● Your task:
Without the images, reproduce each line of the material exactly.

● Given records:
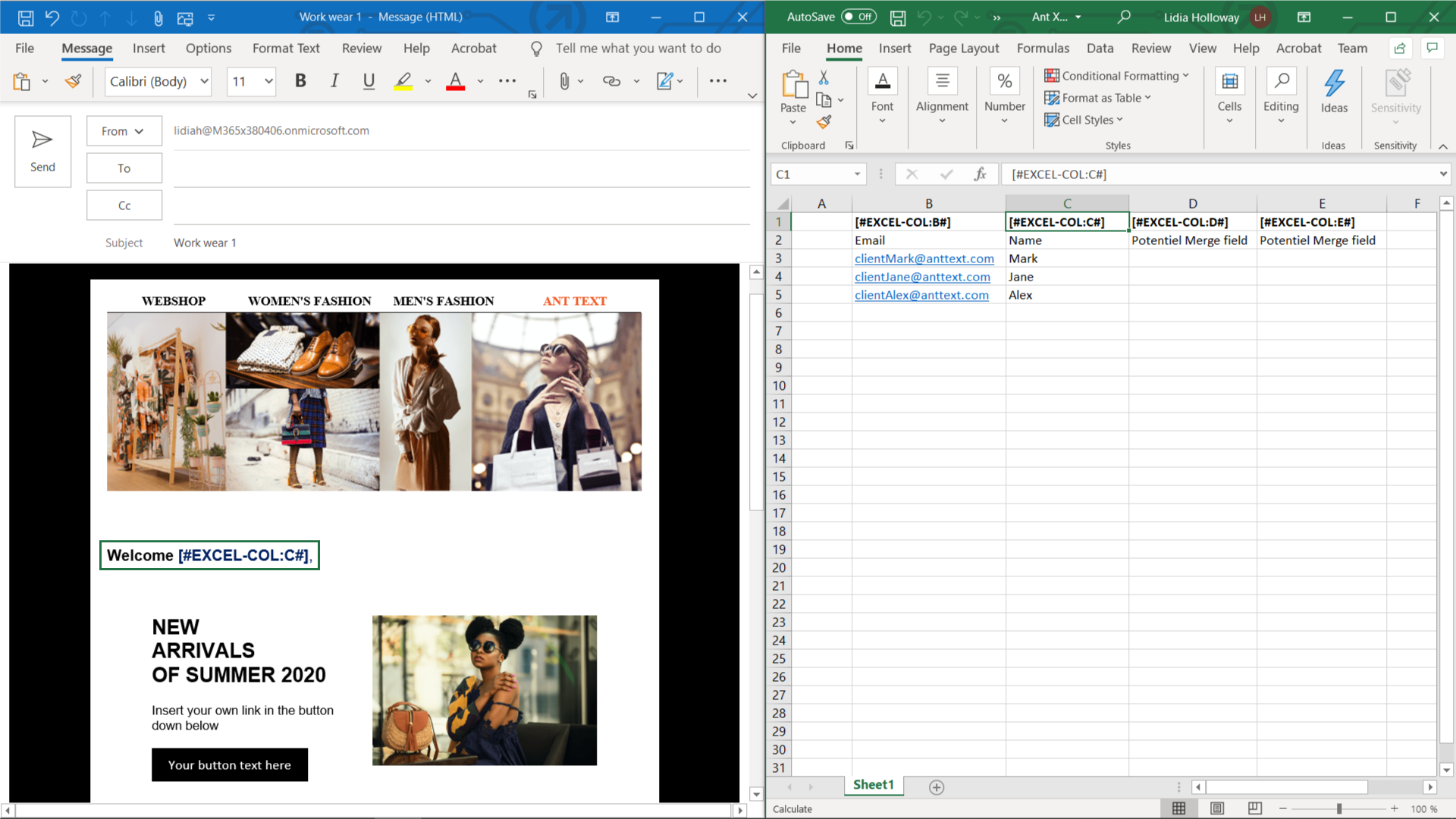 The Ant XL merge fields comes from a Microsoft Excel file that contains the names of your contact list, subscribers, clients or any other list for your campaigns, newsletters, bulk emails etc.
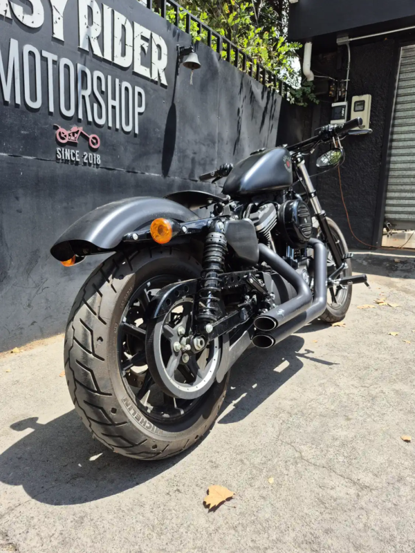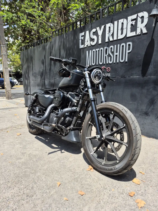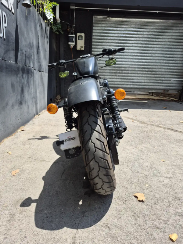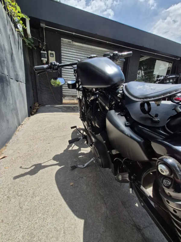 | OBSERVACIONES: | Motor Evolution® V-Twin refrigerado por aire de 883 cc (53.9 plg³), con distribución por varillas y balancines, que entrega su par motor característico a bajas revoluciones, acoplado a una transmisión manual de 5 velocidades. Su chasis de doble cuna de acero soporta una suspensión delantera de 41 mm y trasera con amortiguadores gemelos pre-cargados. El sistema de frenos incluye un disco delantero de 300 mm con pinza flotante de 2 pistones y un disco trasero de 260 mm, con ABS de doble canal de serie. Su estilo «Dark Custom» se define por el acabado negro mate en la mayoría de componentes, el manillar «Mini Ape Hanger» negro, el asiento «Solo» bajo, las llantas negras de 9 radios, el tanque de combustible de 12.5 litros |
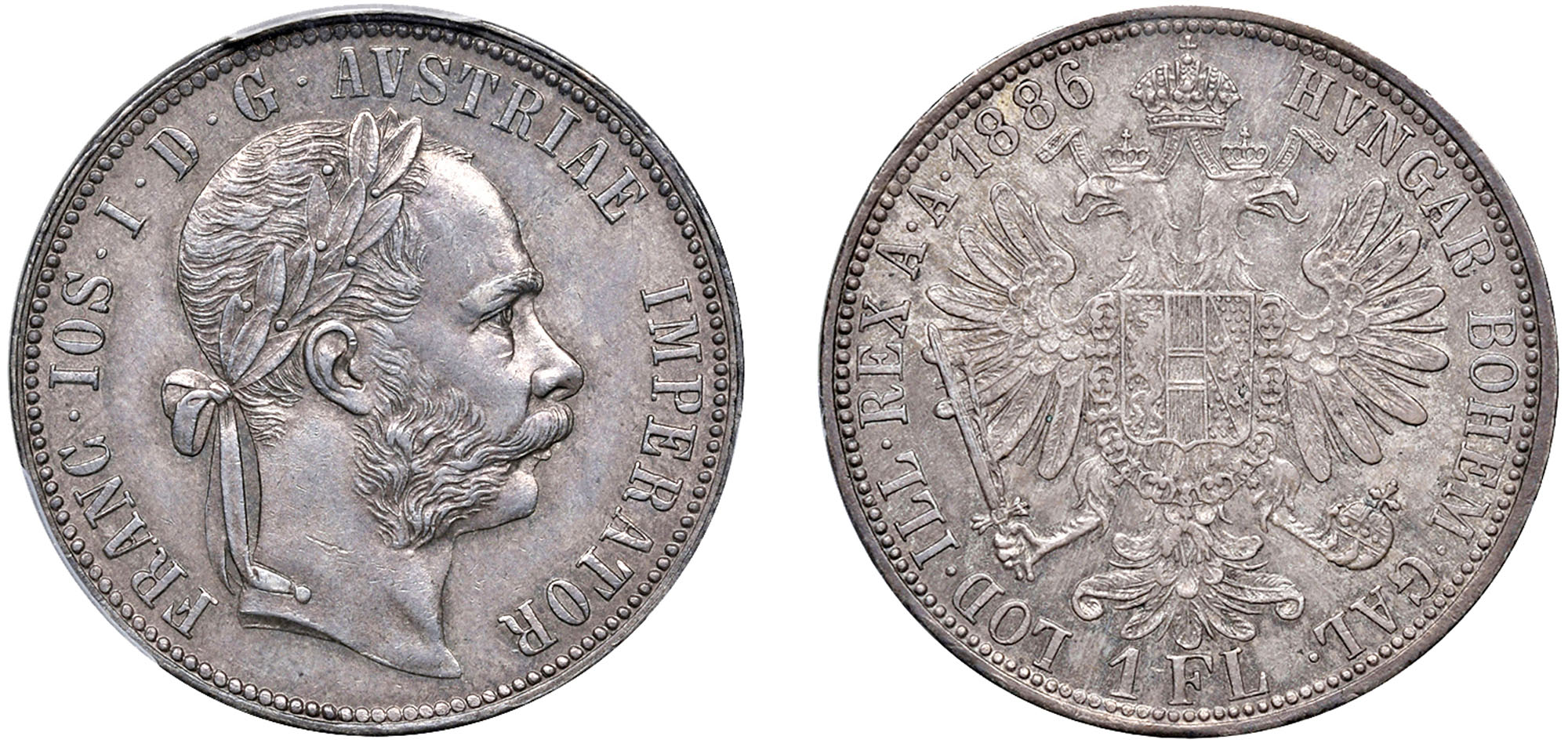AUSTRIA - FRANCESCO GIUSEPPE D'ASBURGO-LORENA (1848-1916) - Fiorino 1886, Vienna.Argento, n.d.Dritto: Testa laureata a destra; - Rovescio: Aquila bicipite coronata con stemma d'Austria caricato in petto.KM# 2222Sigillato PCGS MS62Certificato PGCS n. 56918705.
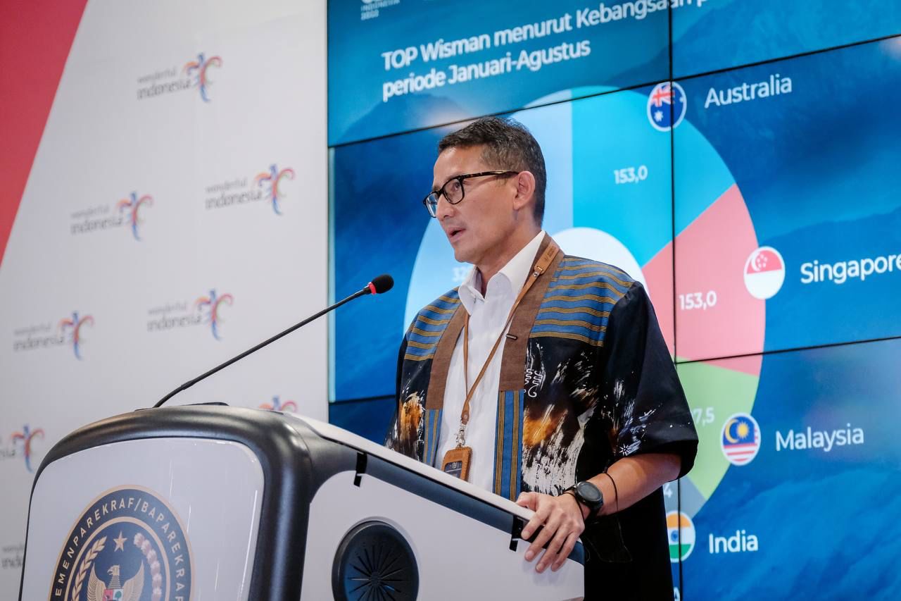 Menparekraf Sandiaga saat “Weekly Brief With Sandi Uno” di Gedung Sapta Pesona, Jakarta, Senin (17/10/2022) menyampaikan pemerintah masih memiliki 3 bulan agar bisa mencapai ambang batas tengah dan atas dari target kunjungan wisatawan mancanegara 1,8 juta sampai 3,6 juta.
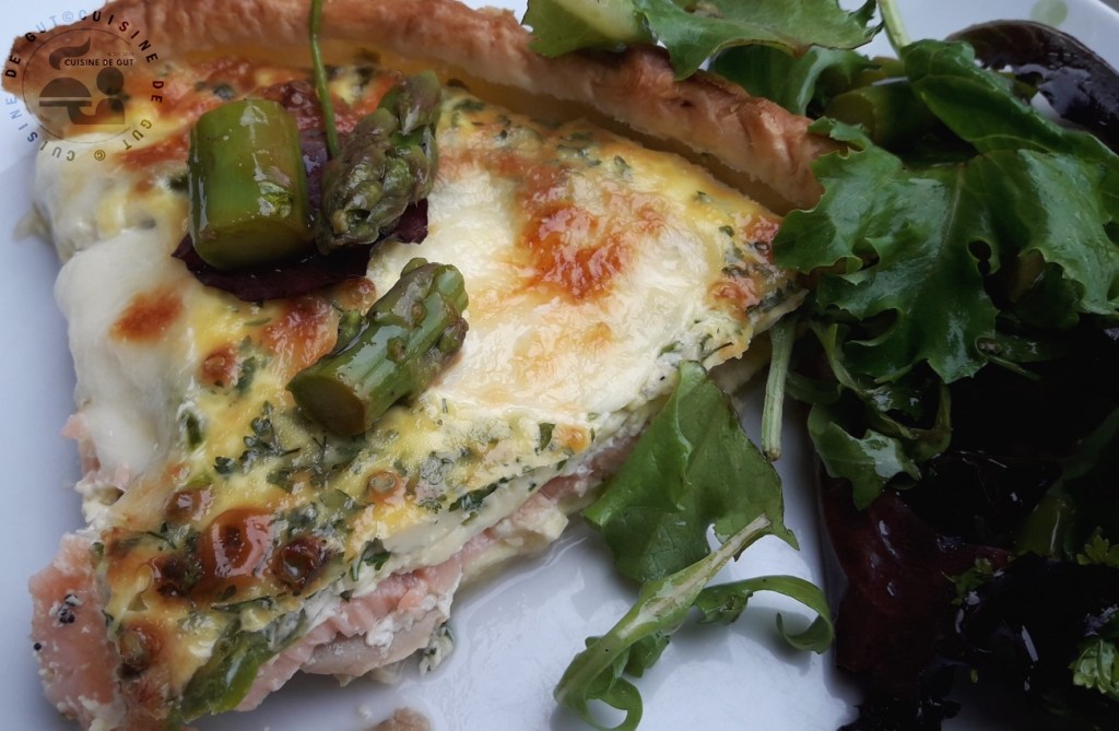 Quiche asperges saumon champignons aux 2 fromages

● Task output:
 The Ant XL merge fields comes from a Microsoft Excel file that contains the names of your contact list, subscribers, clients or any other list for your campaigns, newsletters, bulk emails etc.
 | OBSERVACIONES: | Motor Evolution® V-Twin refrigerado por aire de 883 cc (53.9 plg³), con distribución por varillas y balancines, que entrega su par motor característico a bajas revoluciones, acoplado a una transmisión manual de 5 velocidades. Su chasis de doble cuna de acero soporta una suspensión delantera de 41 mm y trasera con amortiguadores gemelos pre-cargados. El sistema de frenos incluye un disco delantero de 300 mm con pinza flotante de 2 pistones y un disco trasero de 260 mm, con ABS de doble canal de serie. Su estilo «Dark Custom» se define por el acabado negro mate en la mayoría de componentes, el manillar «Mini Ape Hanger» negro, el asiento «Solo» bajo, las llantas negras de 9 radios, el tanque de combustible de 12.5 litros |
AUSTRIA - FRANCESCO GIUSEPPE D'ASBURGO-LORENA (1848-1916) - Fiorino 1886, Vienna.Argento, n.d.Dritto: Testa laureata a destra; - Rovescio: Aquila bicipite coronata con stemma d'Austria caricato in petto.KM# 2222Sigillato PCGS MS62Certificato PGCS n. 56918705.
 Menparekraf Sandiaga saat “Weekly Brief With Sandi Uno” di Gedung Sapta Pesona, Jakarta, Senin (17/10/2022) menyampaikan pemerintah masih memiliki 3 bulan agar bisa mencapai ambang batas tengah dan atas dari target kunjungan wisatawan mancanegara 1,8 juta sampai 3,6 juta.
 Quiche asperges saumon champignons aux 2 fromages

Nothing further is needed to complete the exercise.